En détresse respiratoire depuis la remontée brutale des taux d’intérêt en 2022, le secteur de la promotion immobilière a frôlé l’arrêt cardiaque. Il n’a dû sa survie qu’à l’achat massif de logements en bloc par la Caisse des dépôts, Action logement et les bailleurs sociaux.
On a mesuré toute la fragilité de la filière quand, pour des raisons qui leur sont propres, Bercy a eu la peau du dispositif Pinel. Résultat sans surprise : les investisseurs privés ont déserté les bulles de vente. Une chute de 85 % des investisseurs locatifs et un trou de 50 000 logements locatifs par an. À l’inverse, dès que le gouvernement a réanimé le prêt à taux zéro, les primo-accédants sont revenus et constituent aujourd’hui le socle de la clientèle des particuliers.
Le secteur de la promotion immobilière reste en attente des premiers signes de rétablissement. La FPI mise tout sur le dispositif Jeanbrun. La fédération attend 50 000 ventes de logements neufs supplémentaires dès cette année. « Si on ne fait que 5 000 ventes supplémentaires, cela restera un vrai loupé », a rappelé son président Pascal Boulanger. C’est quand même un bond de plus de 50 % des réservations, lesquelles ont touché un nouveau point bas en 2025.

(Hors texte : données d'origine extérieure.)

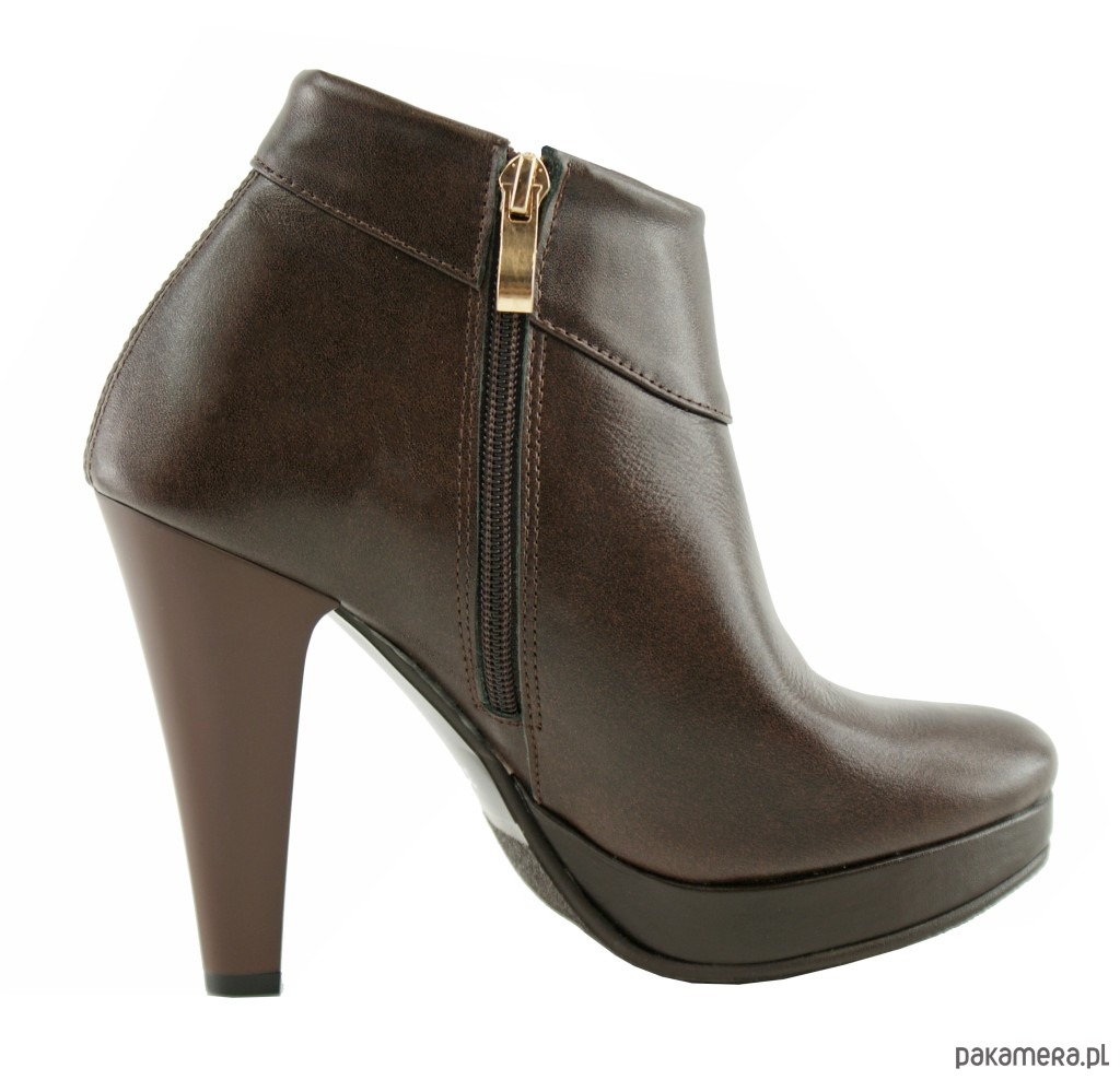 Skórzane botki na obacie ze skóry naturalnej, na suwak, podeszwa na wyższej podsuwce.

Côté opérateur, on se veut plus prudent. Ce qui ressort de la présentation des résultats des grands acteurs de la place, c’est que la maladie est circonscrite. Mais on comprend que si la convalescence est entamée chez certains, la guérison prendra du temps. Et pas sûr que le patient, quand il sortira de la chambre, sera aussi fringant qu’auparavant.
C’est un nouveau cycle qui s’ouvre, où les volumes ne seront peut-être pas aussi conséquents qu’espérés. Même si un Premier ministre a promis la production de 2 millions de logements d’ici 2030.
C’est un nouveau cycle où les promoteurs doivent produire un logement abordable en dépit de la sédimentation de normes réglementaires, d’un coût du foncier qui ne baissera pas et d’un coût du crédit qui restera durablement plus élevé que celui de la dernière décennie.
C’est un nouveau cycle où les opérateurs devront restaurer leurs marges. Et l’on a vu qu’elles n’étaient pas aussi épaisses que certains le péroraient ou le fantasmaient.
C’est un nouveau cycle où il faudra redonner de la rentabilité à l’investisseur, qu’il soit particulier ou institutionnel.
C’est un nouveau cycle qu’il faut aborder tous ensemble. Le logement neuf ne pourra régler à lui seul tous les maux du logement. Il faudra, d’une manière ou d’une autre, s’attaquer à la reprogrammation – parfois à la restructuration – de l’existant. Aux promoteurs de montrer leur valeur ajoutée dans cet immense défi.
C’est un nouveau cycle qu’il faut enclencher dès à présent si l’on veut inverser la courbe de la démographie.
Build, baby, build ! Cela ferait un bon slogan politique.